***** Source data *****

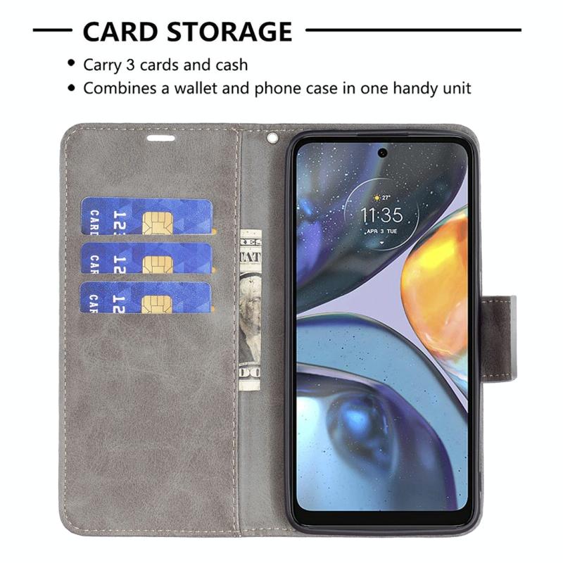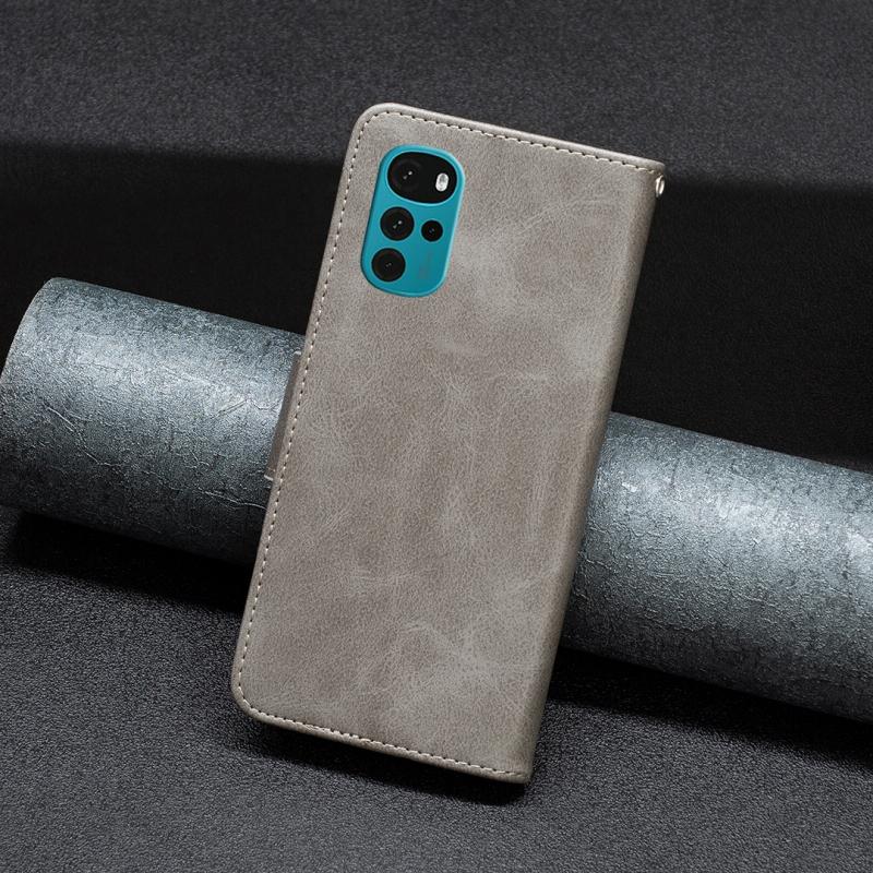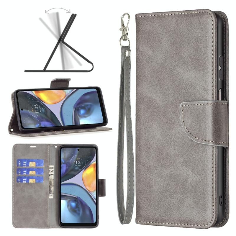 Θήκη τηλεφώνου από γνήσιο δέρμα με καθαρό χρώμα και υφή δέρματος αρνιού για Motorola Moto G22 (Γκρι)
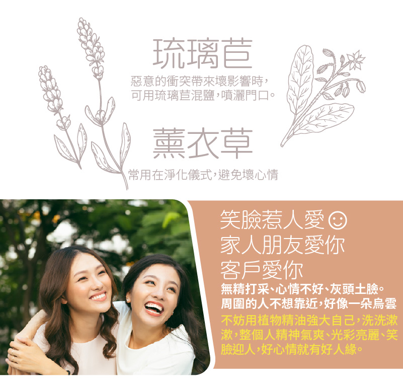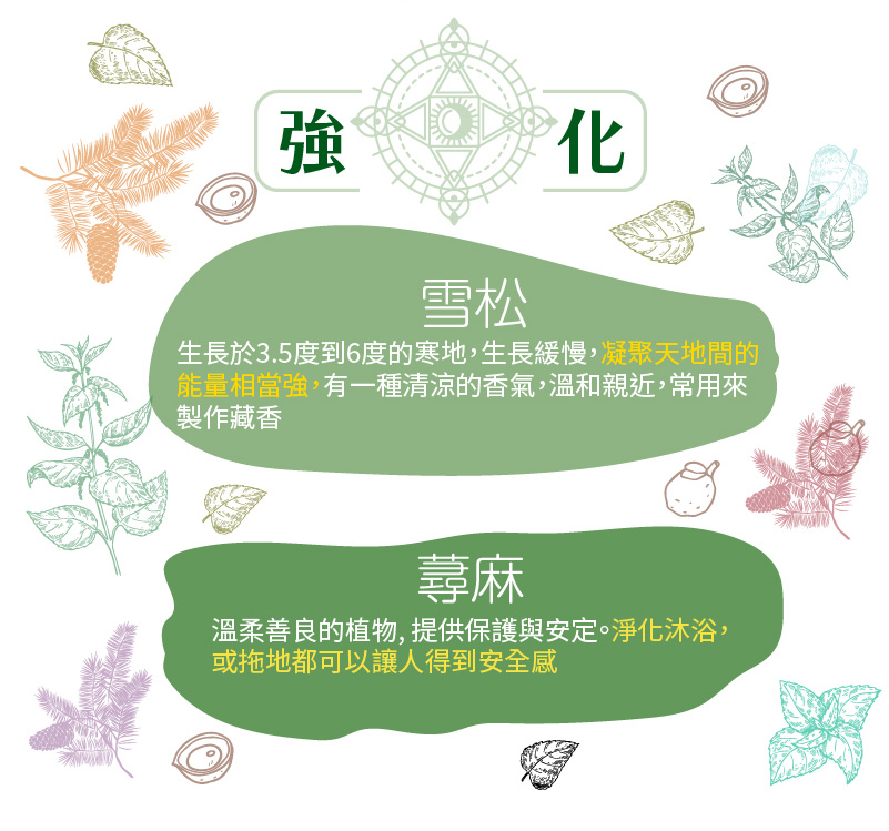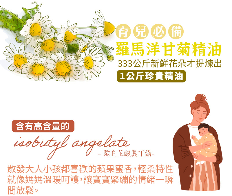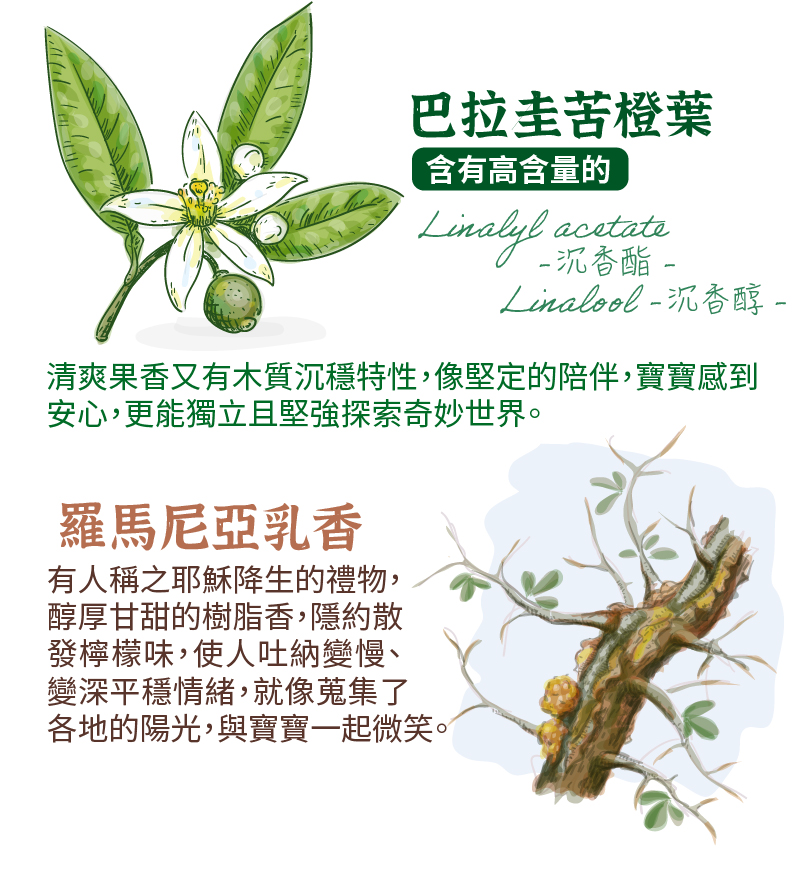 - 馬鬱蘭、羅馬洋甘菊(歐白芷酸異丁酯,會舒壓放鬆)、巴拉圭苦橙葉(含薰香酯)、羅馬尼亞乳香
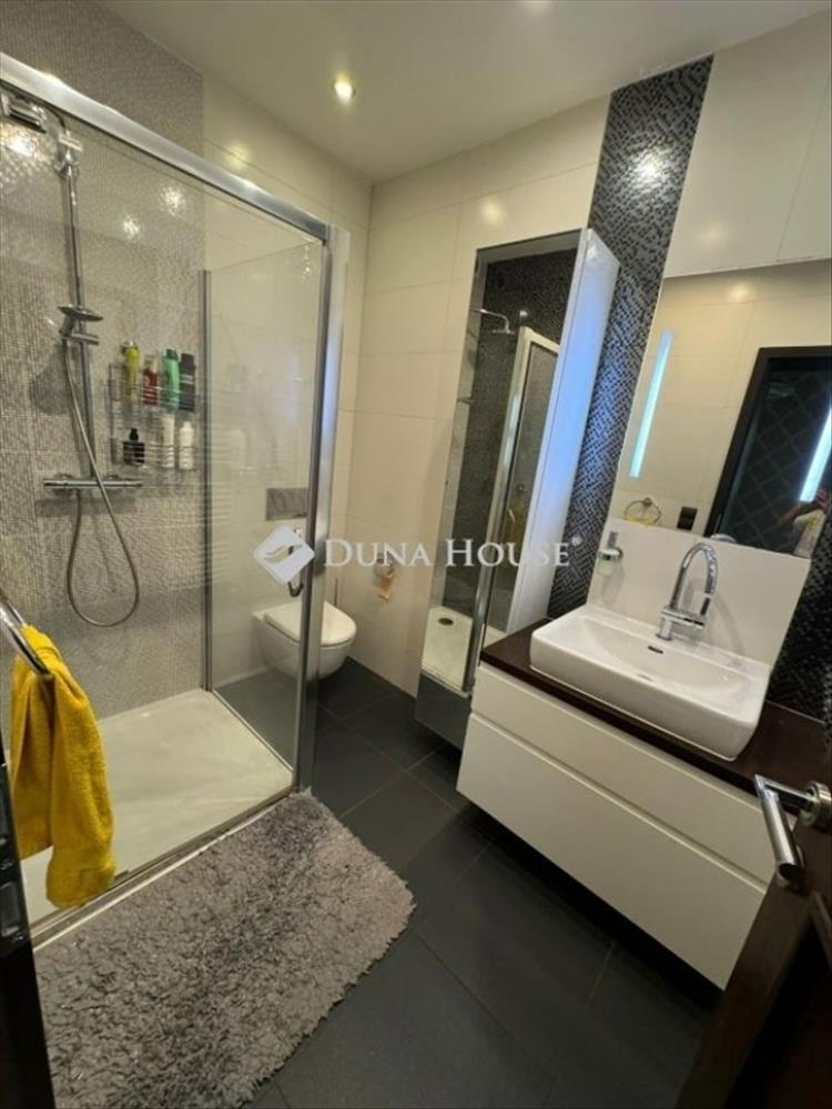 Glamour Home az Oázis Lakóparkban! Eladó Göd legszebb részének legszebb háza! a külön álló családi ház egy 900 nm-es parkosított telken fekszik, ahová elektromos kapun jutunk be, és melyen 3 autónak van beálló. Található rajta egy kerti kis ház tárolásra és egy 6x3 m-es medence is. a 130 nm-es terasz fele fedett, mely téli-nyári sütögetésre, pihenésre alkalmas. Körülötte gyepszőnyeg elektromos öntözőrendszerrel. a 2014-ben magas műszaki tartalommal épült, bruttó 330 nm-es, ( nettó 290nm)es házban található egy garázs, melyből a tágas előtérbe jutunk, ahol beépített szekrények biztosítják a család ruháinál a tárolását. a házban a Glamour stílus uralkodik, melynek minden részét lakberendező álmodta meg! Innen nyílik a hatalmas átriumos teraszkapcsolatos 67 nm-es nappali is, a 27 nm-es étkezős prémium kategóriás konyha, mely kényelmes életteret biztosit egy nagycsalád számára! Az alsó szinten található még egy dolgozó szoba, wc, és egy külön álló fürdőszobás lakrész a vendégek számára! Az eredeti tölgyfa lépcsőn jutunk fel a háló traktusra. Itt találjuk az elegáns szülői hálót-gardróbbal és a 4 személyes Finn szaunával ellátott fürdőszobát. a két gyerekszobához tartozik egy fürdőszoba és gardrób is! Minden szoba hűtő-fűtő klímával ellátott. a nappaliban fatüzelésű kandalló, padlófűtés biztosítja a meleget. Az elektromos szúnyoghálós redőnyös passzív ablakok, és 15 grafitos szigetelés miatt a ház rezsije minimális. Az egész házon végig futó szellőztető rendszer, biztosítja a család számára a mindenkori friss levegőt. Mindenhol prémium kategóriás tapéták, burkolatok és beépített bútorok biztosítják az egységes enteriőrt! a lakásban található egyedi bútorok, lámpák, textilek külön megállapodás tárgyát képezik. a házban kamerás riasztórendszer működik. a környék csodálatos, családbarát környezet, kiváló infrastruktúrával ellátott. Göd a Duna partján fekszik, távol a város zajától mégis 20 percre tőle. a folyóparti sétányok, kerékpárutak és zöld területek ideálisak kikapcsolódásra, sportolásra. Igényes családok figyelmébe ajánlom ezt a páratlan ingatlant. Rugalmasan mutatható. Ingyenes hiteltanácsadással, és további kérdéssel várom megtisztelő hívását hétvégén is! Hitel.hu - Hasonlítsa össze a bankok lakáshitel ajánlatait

*****

Exactly restate the lines from the beginning of the data through the line with "- 馬鬱蘭、羅馬洋甘菊(歐白", and no others, keeping pictures out.

> Expected answer:
 Θήκη τηλεφώνου από γνήσιο δέρμα με καθαρό χρώμα και υφή δέρματος αρνιού για Motorola Moto G22 (Γκρι)
 - 馬鬱蘭、羅馬洋甘菊(歐白芷酸異丁酯,會舒壓放鬆)、巴拉圭苦橙葉(含薰香酯)、羅馬尼亞乳香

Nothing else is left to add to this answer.